Honestly, nothing is 100% convincing, but if I could pick anything, I'd use
HMTL with some templating magic (for generating references).

It still leaves the issue of positioning floats and page breaks, which is
really non-trivial, even if you already had a "spatial model" of what the
generated HTML would look like (I know of no such library, but do tell if you
know of it).

TBH, floating figures is a non-issue for the web, where you can just position
them in the flow. It's only in print that this is an issue. I'd be fine to put
figures on separate pages, but that might be a waste of paper.

------
drej
Step 1: touch report.tex Step 2: latexmk -pvc -pdf report.tex Step 3: ??? Step
4: PROFIT

------
graycat
What the OP describes is really long, drawn out, complicated mud wrestling.

I've been a good TeX user from the beginning of TeX and love TeX.

For the problem the OP addresses with LaTeX, there is a much easier solution:
And the candidates are ..., and may I have the envelope, please? [drum roll].
And the winner is ["rip"]: Just use just TeX, that is, D. Knuth's TeX with his
standard macro collection Plain.

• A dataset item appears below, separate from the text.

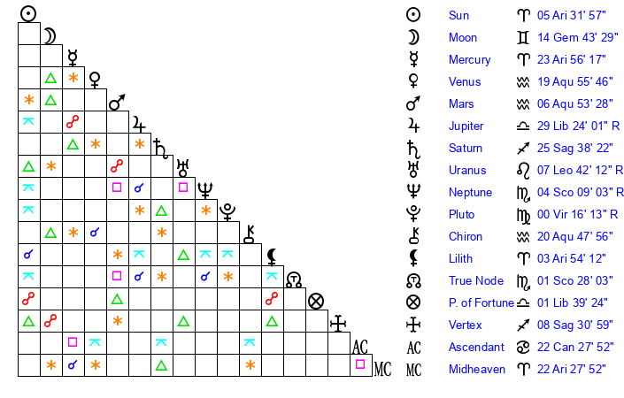 | Sun | 5 Aries 32 | 6 Aries 17 | 10 Gemini 41 |

If get into trouble, then just get and read
his book, _The TeXBook_ \-- as software documentation, it is exemplary.

I'm guessing that a TeX file sent to people who accept LaTeX will work fine.
That was the case the time I published in the Elsevier journal _Information
Sciences_.

Want some cross reference macros? Okay, I put my TeX macro source code for
cross references at

[https://news.ycombinator.com/item?id=13630570](https://news.ycombinator.com/item?id=13630570)

in two parts in two posts where the above URL is for the first part and the
second part is close in the same HN thread.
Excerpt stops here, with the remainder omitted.